#### [Task details]
Would you please repeat exactly the entries below, starting at the line with "Pichwai Cow Black" and ending at the line with "El departamento 205", and nothing outside that range? Leave out the pictures.

#### [Data shown]
=== Begin Enclosure ===
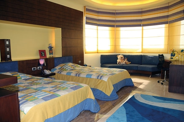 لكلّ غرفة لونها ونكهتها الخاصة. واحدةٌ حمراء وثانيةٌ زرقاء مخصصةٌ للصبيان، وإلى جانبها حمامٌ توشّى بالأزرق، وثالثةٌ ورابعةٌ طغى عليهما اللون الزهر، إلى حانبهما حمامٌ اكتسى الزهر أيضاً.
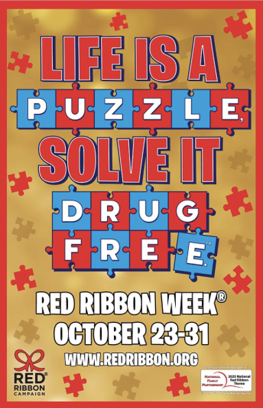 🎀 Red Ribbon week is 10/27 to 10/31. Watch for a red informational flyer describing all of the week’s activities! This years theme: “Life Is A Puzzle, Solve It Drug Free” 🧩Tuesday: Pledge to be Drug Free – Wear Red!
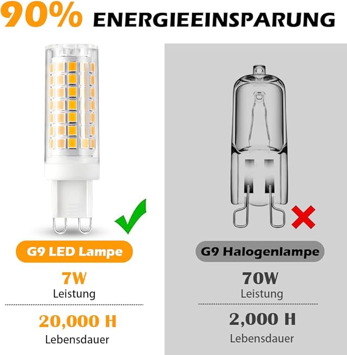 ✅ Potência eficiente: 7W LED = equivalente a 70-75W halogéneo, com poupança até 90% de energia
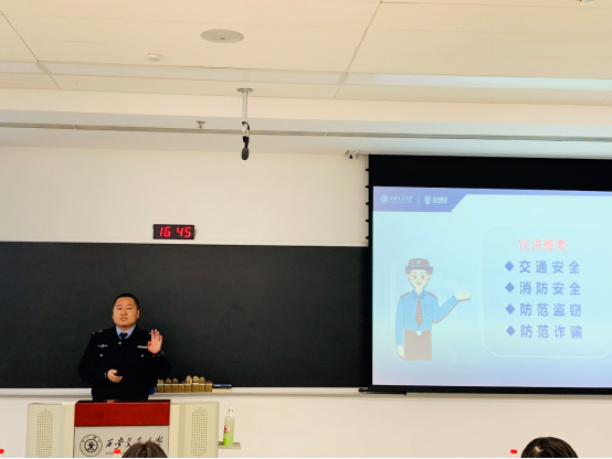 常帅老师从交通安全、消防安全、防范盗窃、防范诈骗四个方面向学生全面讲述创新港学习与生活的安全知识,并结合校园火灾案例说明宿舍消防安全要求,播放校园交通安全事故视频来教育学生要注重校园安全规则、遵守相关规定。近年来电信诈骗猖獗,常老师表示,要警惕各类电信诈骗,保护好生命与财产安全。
=== End Enclosure ===
=== Begin Enclosure ===
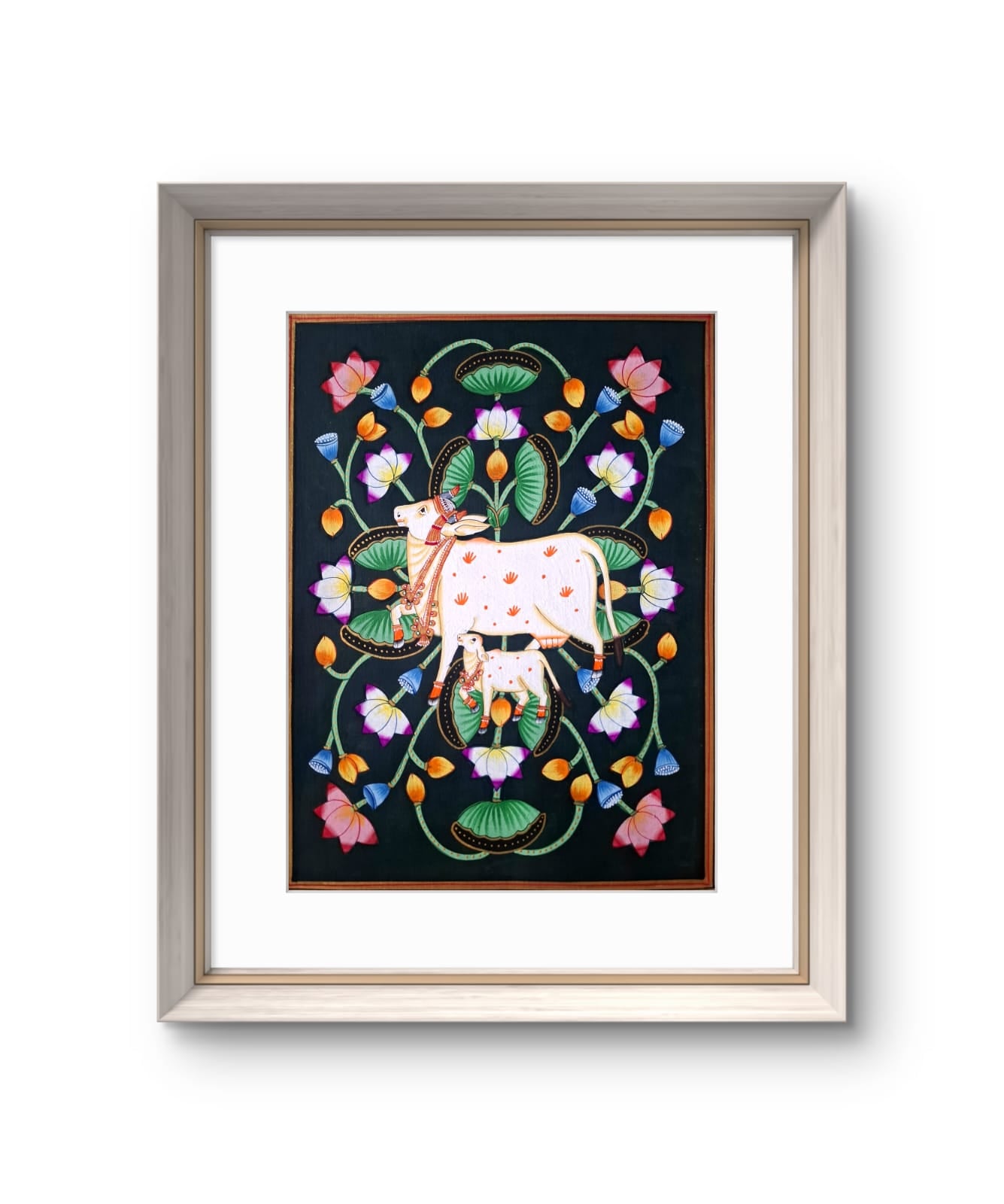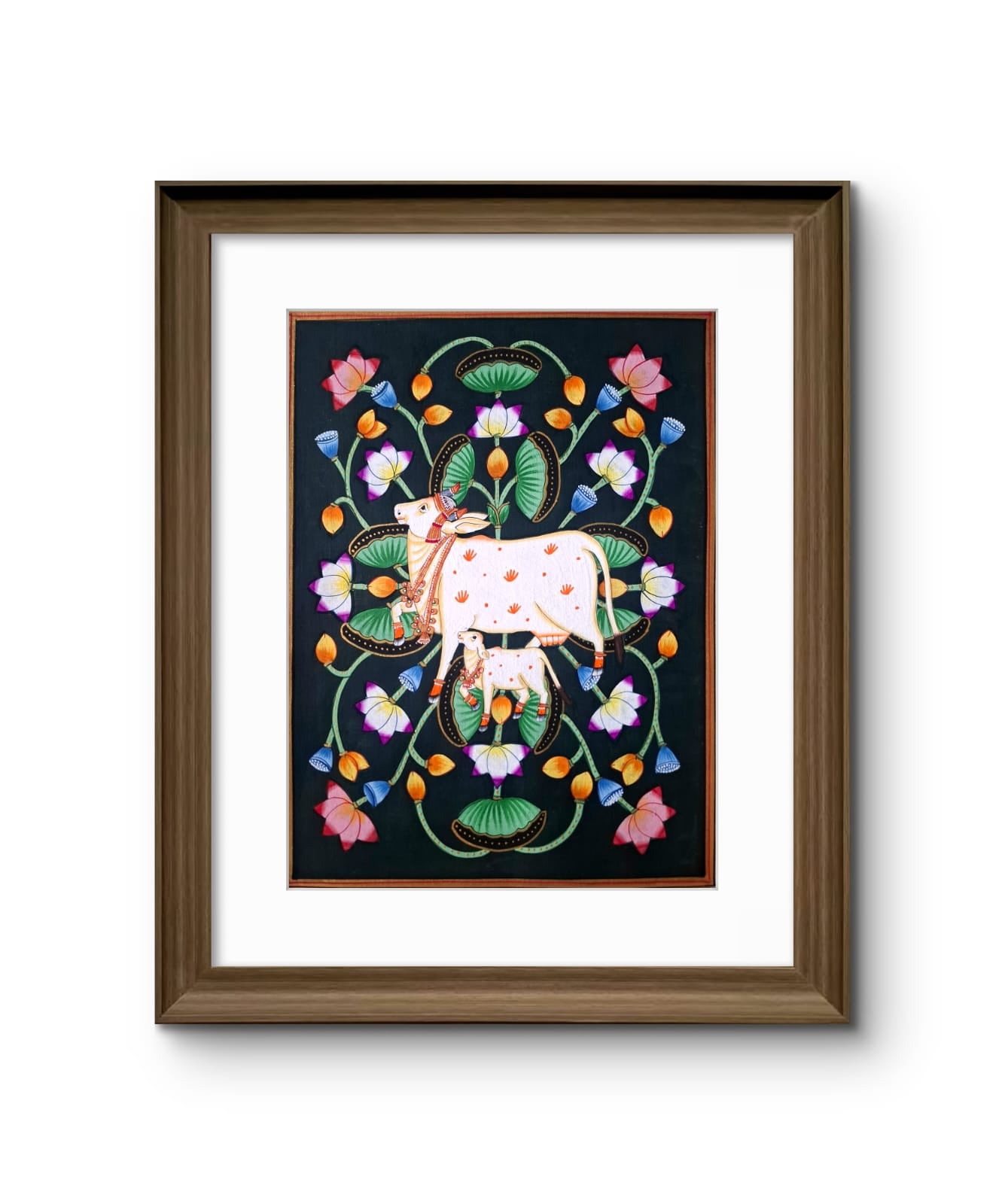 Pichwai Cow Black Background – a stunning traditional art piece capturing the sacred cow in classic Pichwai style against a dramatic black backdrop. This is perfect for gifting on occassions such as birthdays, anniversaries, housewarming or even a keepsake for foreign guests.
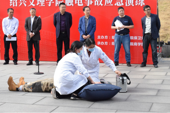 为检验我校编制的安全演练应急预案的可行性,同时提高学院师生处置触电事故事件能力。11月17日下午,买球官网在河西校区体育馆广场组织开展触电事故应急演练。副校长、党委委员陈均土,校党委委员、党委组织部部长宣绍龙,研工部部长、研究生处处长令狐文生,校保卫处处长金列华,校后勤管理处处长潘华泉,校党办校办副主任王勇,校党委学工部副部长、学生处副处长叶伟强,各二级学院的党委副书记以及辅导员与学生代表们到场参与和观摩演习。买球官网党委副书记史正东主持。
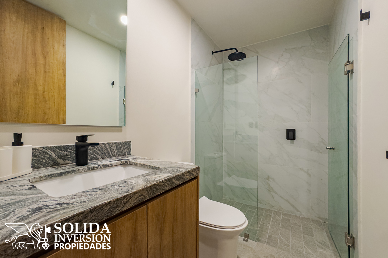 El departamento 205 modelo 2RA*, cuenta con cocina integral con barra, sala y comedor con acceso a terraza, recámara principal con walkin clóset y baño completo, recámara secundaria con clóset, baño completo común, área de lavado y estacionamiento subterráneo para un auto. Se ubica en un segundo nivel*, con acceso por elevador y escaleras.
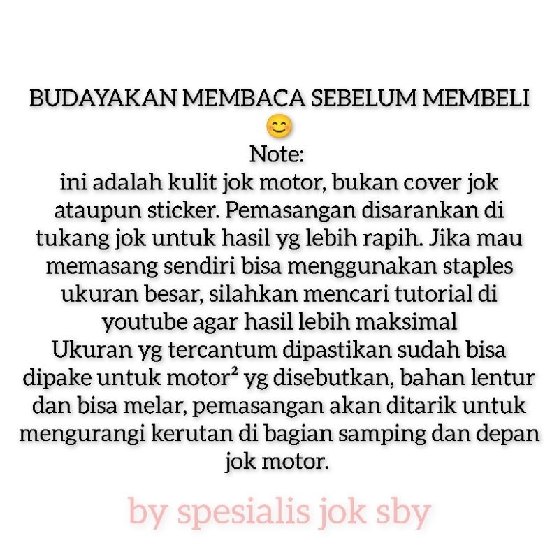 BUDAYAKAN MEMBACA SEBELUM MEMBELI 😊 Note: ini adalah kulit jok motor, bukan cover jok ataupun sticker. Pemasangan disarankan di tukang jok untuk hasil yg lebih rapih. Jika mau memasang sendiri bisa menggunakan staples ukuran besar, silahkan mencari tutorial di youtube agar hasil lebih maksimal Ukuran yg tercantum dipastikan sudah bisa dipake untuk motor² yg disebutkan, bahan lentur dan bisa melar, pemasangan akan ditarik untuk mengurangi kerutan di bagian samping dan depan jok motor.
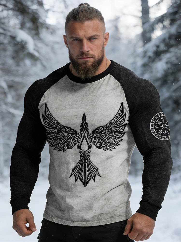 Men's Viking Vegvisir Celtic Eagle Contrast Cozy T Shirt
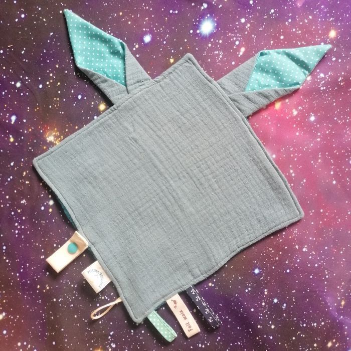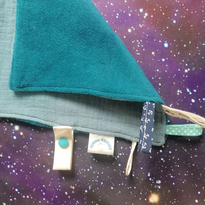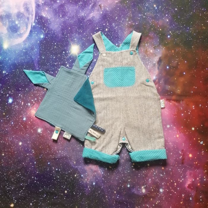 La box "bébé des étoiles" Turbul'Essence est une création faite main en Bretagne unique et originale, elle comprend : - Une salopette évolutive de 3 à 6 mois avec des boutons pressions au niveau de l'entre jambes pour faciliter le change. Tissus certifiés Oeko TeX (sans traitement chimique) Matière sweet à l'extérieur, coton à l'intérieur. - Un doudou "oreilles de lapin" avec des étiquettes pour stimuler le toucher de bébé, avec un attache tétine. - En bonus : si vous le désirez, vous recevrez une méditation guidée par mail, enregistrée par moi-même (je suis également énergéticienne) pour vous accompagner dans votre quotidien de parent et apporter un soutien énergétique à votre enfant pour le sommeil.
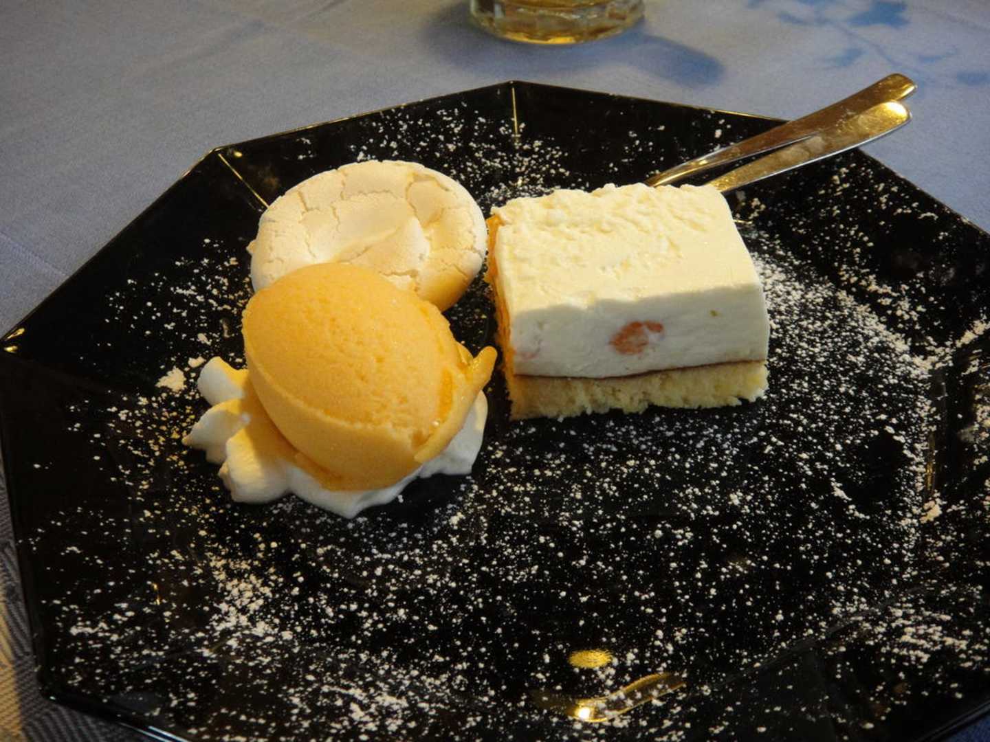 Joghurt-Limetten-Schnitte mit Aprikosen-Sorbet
=== End Enclosure ===
#### [Response area]
 Pichwai Cow Black Background – a stunning traditional art piece capturing the sacred cow in classic Pichwai style against a dramatic black backdrop. This is perfect for gifting on occassions such as birthdays, anniversaries, housewarming or even a keepsake for foreign guests.
 为检验我校编制的安全演练应急预案的可行性,同时提高学院师生处置触电事故事件能力。11月17日下午,买球官网在河西校区体育馆广场组织开展触电事故应急演练。副校长、党委委员陈均土,校党委委员、党委组织部部长宣绍龙,研工部部长、研究生处处长令狐文生,校保卫处处长金列华,校后勤管理处处长潘华泉,校党办校办副主任王勇,校党委学工部副部长、学生处副处长叶伟强,各二级学院的党委副书记以及辅导员与学生代表们到场参与和观摩演习。买球官网党委副书记史正东主持。
 El departamento 205 modelo 2RA*, cuenta con cocina integral con barra, sala y comedor con acceso a terraza, recámara principal con walkin clóset y baño completo, recámara secundaria con clóset, baño completo común, área de lavado y estacionamiento subterráneo para un auto. Se ubica en un segundo nivel*, con acceso por elevador y escaleras.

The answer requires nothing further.